Cong blames Centre for IndiGo meltdown

Chennai: Launching a fierce critique of the Centre, the Congress on Saturday charged that the massive disruption in IndiGo’s operations was not an unforeseen crisis but the direct outcome of the NDA government’s long-term push to create a duopoly in India’s aviation sector.
Congress MP from Tamil Nadu, Sasikanth Senthil, said in a statement that the cancellation of over 1,000 IndiGo flights on Friday, followed by hundreds more on Saturday, had brought the nation’s air travel network to a “historic collapse.” He argued that the chaos had exposed vulnerabilities the Centre had repeatedly overlooked.

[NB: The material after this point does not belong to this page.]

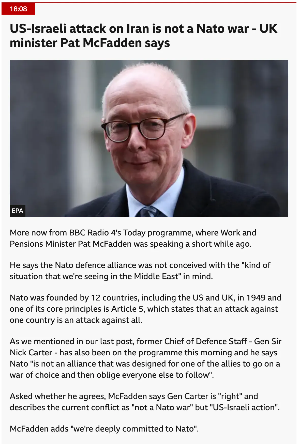 [BBC] 팻 맥패든(Pat McFadden) 영국 노동연금부 장관은 현재 중동에서 벌어지고 있는 분쟁이 나토(NATO) 차원의 전쟁이 아닌 '미국과 이스라엘의 독자적인 군사 행동'이라고 규정했습니다.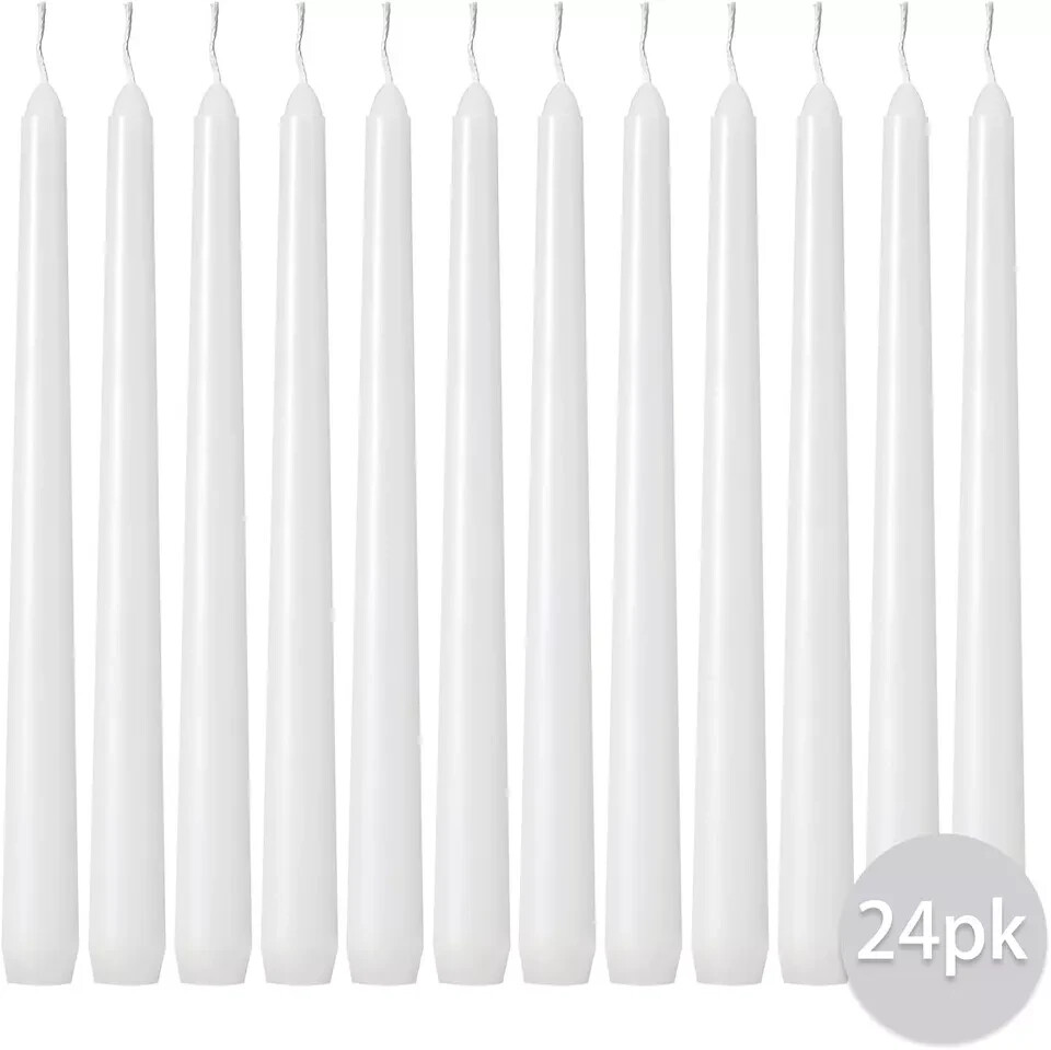 100% Money Back Guarantee if you are not satisfied with your purchase! ___________________ Description: SIZE & MAKE: Set of 24. These unscented stick candles are 10-inch long and have a 3/4-inch base diameter with a self-fitted end. Will fit in most standard candle holders. DRIPLESS: A dripless candle to remain dripless, burning conditions must be ideal. The candle has to stand up vertically, not even at a slight angle. Keep the dripless candle away from drafts (air conditioning, fans, outdoors, window draft) as well, as a slight breeze could cause the flame to flare up larger than usual or to touch areas of wax that it normally wouldn't reach, causing drips. CRAFTED WITH QUALITY: Made with 100% paraffin wax and pure cotton wicks, these high quality candles burn cleanly and do not drip or create a mess. White taper candles 10 inch 's burning time is 8 hours. Clean burning candles - We make 10 inch tapered candles only from quality wax, so when the taper candle will burn you will see wax of the same color as the long candles itself. When you look at white dripless taper candles light you will be charmed, its straight and soft light will not leave you indifferent. SET THE MOOD: These tall tapered candles feature an elegant design that is suitable for restaurants, weddings,special events, parties, holidays and religious events. Perfect for use in Synagogues and churches. Their classic look complements almost any decor. ________________________ 100% Money Back Guarantee: We offer 30 Day Money Back Guarantee from the day you purchased if you’re not satisfied with your product. If you have any questions about our products, please contact us as soon as possible. Customer satisfaction is our absolute priority. Shipping: We are always working hard to ensure your package arrives as soon as possible. Please understand that some factors like weather, high postal traffic, and the performance of shipping companies are outside of our control. We offer free shipping to the lower 48 states and ship within 3 business days of payment, usually sooner. We do not accept P.O. Boxes. Please provide a physical address. You will be notified via eBay messages as soon as your items ship. Delivery: We will ship out the item in 2-3 working day after receiving the payment. Usually the delivery takes 2-5 business days. If you don't receive the items after 10 days, please feel free to contact us. You will get a replacement or a full refund. Please DO NOT open a return request or leave negative feedback without asking for help . Returns (Get Free Return Label): We offer a 30-Day Return Policy on defective/wrong items or items which you are not completely satisfied with. You have the option for a full-refund or an exchange of the item. No need to buy eBay return label. Contact us via eBay messages and get free return label. Returned items must be in all of the original packaging and include all of the original accessories or items that came with it. The item and package should be in original condition. Contact Us: Any queries or issues incurred, please feel free to contact us via eBay message, we will get back to you within 24 hours. Please DO NOT open a return request or leave negative feedback without asking for help. Feedback: Your feedback is very important to us. After you get your package and you are satisfied with our service, please leave us positive feedback. We are highly appreciated for your POSITIVE feedback and 5 stars. Enjoy shopping.

“This crisis is not a natural failure—it is the predictable result of a government determined to crush competition, reward favourites, and reshape an entire national industry for the benefit of a tiny corporate circle,” the former bureaucrat asserted.
Senthil claimed that aviation, a sector requiring stringent safety oversight, had been destabilised by policies that eased regulatory scrutiny while amplifying the influence of a few private players. He criticised the Centre’s approach to aviation safety, pointing to the Flight Duty Time Limitation (FDTL) rules released on January 8, 2024 and partially enforced from July 1, 2025. He condemned the decision to suspend these rules amid an industry-wide crisis.
“Suspending fatigue-prevention measures for pilots in the middle of turmoil is not just irresponsible—it is alarming.